Here’s everything you need to know before applying for an education loan to study abroad

Studying abroad is something that most students aspire to as it can be a life-changing experience. However, with the rapid rise in the cost of education, it is not easy for every student to pursue their dream, particularly students from weaker sections of society. But as the famous phrase goes, “Where there is a will, there is a way”, the same way Education Loan is something that comes to the rescue of meritorious students willing to study abroad. However, applying for a loan to study abroad could be a daunting task, just like selecting the appropriate colleges/universities in a distant land. Gateway International, a study abroad consultant that has helped numerous students in fulfilling their dream of studying abroad, highlights five key factors to keep in mind while applying for a loan for studying abroad.


  1. Identify the type of loan you need

As someone looking to apply for a loan, you must vary that many studies abroad loans are available. Generally, there are three types- General Student Loans, Federal loans, and Private loans. All the three have different requirements to apply and what’s more important is that all three serve other purposes. General Student Loans usually differ from university to university. This type of loan is easy to apply for and get as there are fewer requirements and is open to all students. Federal Loans are usually issued to those students who have high financial needs. Students willing to apply for this loan must complete a FAFSA and submit their application to the university’s financial assistance office. Financial institutes like banks usually grant private loans. It is generally tough to get and requires a lot of paperwork. A student planning to apply for a loan must smartly select the loan that suits best their interest.

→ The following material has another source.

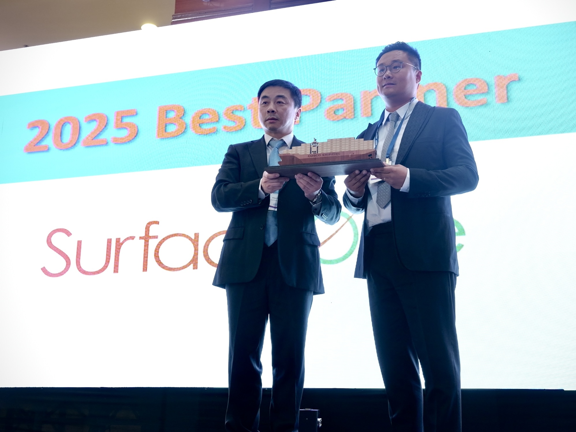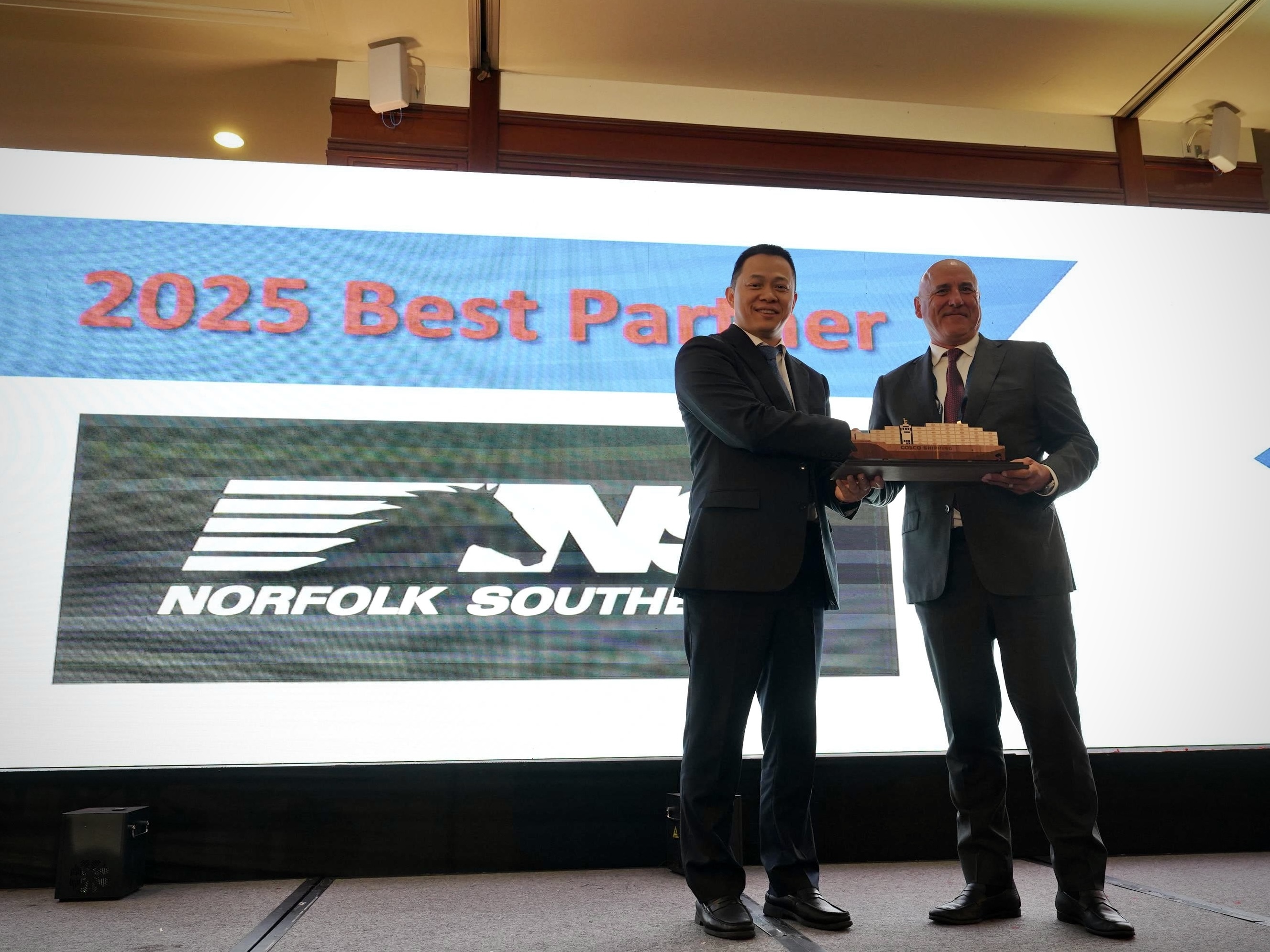 During the reception, COSCO SHIPPING North America honored several partners for their outstanding collaboration and operational excellence in 2025. Award recipients included port partner Long Beach Container Terminal; rail partner Norfolk Southern; trucking and warehousing partners TWTH EXPRESS and SurfaceOne; and financial partner Bank of China, New York Branch.

  1. Must ensure that your institution is eligible for the loan

This is probably one of the key factors that one must keep in mind when applying for a loan to study abroad. Why should you waste your time applying for a loan for an institute that you are not even eligible for To save? With your time and energy, it is recommended that you ensure that your institution is suitable for the loan so that you do not regret your decision later.


  1. Terms of the loan

Once you are done determining the type of loan you are willing to apply for, the next big step is to check the quantum of the loan amount available alongside the applicable interest rate. One must also keep in mind the total tenure of the loan and the availability of co-payment options. The student should also take the loan in instalments so that the disbursement can be made at the time of paying the semester fee as the interest, as usually the interest is charged after the disbursement of the amount. Apart from these, it is also important for a student to look at the moratorium period before starting the EMI.


  1. Remittance of the loan amount to the student account or the university

It is advisable that students must always check the entire remittance process of the loan amount with their lenders. It is essential to have clarity on whether your loan lender will transfer the loan amount to the student or directly into the university’s account. Many renowned private banks and nationalised banks have a complex process for the remittance of the loan amount. They remit the number of tuition fees directly to the university and living expenses like rent, and all are disbursed in Forex card or as per the visa norms. However, the case with international lenders is different as they remit the tuition fee and on-campus accommodation charges into the manner of semester-wise directly to the university.


  1. Keep track of your loan repayment

Before applying for a loan, a student must be sure that they can repay the loan via monthly instalments after successfully finishing their studies. It is usually believed that the loan moratorium period, also known as the grace period, can be a boon for students; however, a student must keep in mind that they should start settling the loan as soon as they land a job. The reason is that the faster they start the loan repayment, the less they will have the burden of interest on them. One must always keep in mind that non-repayment of loans can become a significant cause of concern if the unemployment rate is very high.